Duty is anathema to a new generation whose chief goal is often self-realisation. Any notion of collapsing the self into something bigger than oneself, something more historic or something collective, is alien to many in the selfie-taking, values-performing generation. Indeed, the most striking thing about Harry and Meghan’s bombshell is the way they talk about the royal family as if it is little more than a stepping stone to their self-realisation.

To them, the monarchy seems to be little more than a workspace, a place where they learned some skills which they will now take into their new role as global promoters of wokeness and of themselves. They talk about having ‘internal discussions’ and deciding to ‘make a transition’ in order to ‘carve out a progressive new role within this institution’. They sound more like Silicon Valley millennials making the case for a job promotion than members of a family that was allegedly chosen by God to rule the nation.
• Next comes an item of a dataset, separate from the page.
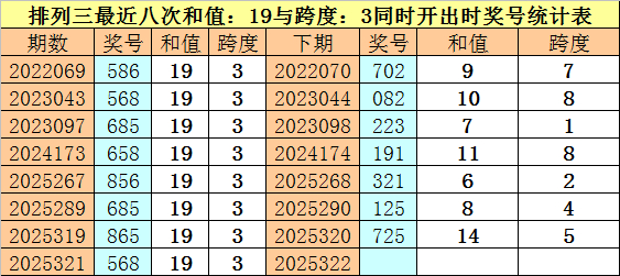 体彩陈设三最近八次同期出现和值:19与跨度:3的奖号辞别为:586、568、685、658、856、685、865、568,前七次下期开出奖号辞别为:702、082、223、191、321、125、725,详见下表:

Even more startling is the way they talk about the queen. They say they will ‘continue to collaborate with Her Majesty The Queen’. Collaborate with? They sound more like Kendall Jenner talking about her adverts with Pepsi than individuals who are meant to devote themselves for life to royal duty and the preservation of the crown. I’m about as republican as it gets (abolish the monarchy is my view), but even I recognise that treating the queen as a kind of big business one temporarily ‘collaborates with’ is out of order. Meghan comes off like a woke Wallis Simpson, taking away a senior royal into a new life of PC globetrotting.
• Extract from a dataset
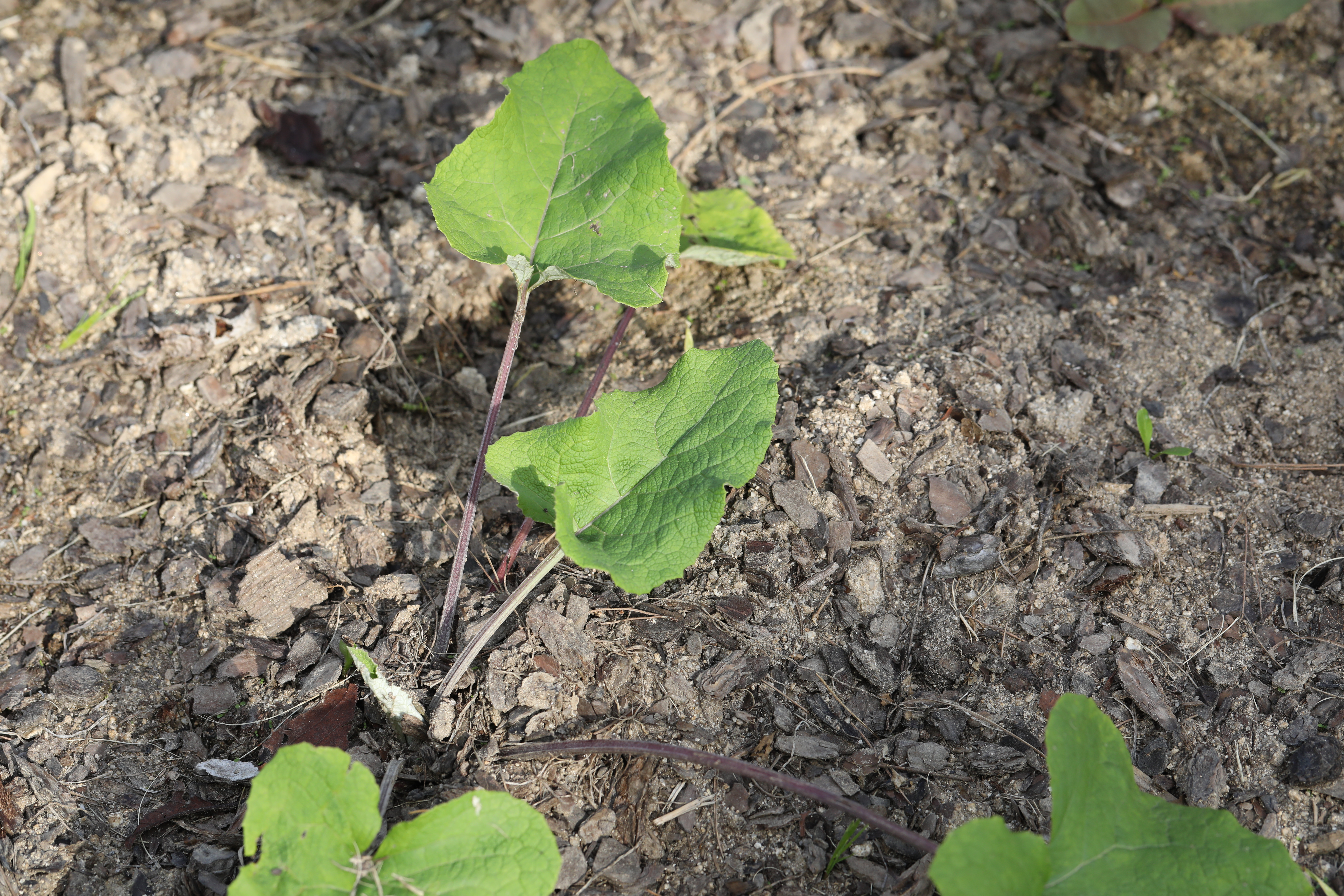 우엉 뿌리는 길이가 30cm에서 60cm에 달할 정도로 곧게 땅속으로 깊이 들어가는 특징이 있습니다. 이러한 뿌리의 형태는 우엉이 땅의 기운과 영양을 얼마나 깊이 흡수하며 자라는지를 보여줍니다.

Of course, the Meghan-loving liberal set are responding to Megxit by chastising the British tabloids and, by extension, the riff-raff who read them. You racist shits drove this wonderful woman away – that’s the undertone, and sometimes the overtone, of what they’re saying. It captures how snooty the woke brigade is, where they are essentially reprimanding the masses for daring to criticise their royal superiors. Overlooking, of course, that there was a lot to criticise about H&M, from their moaning about their privileged lives to their hypocritical jetting around the world to make platitudinous lectures about climate change.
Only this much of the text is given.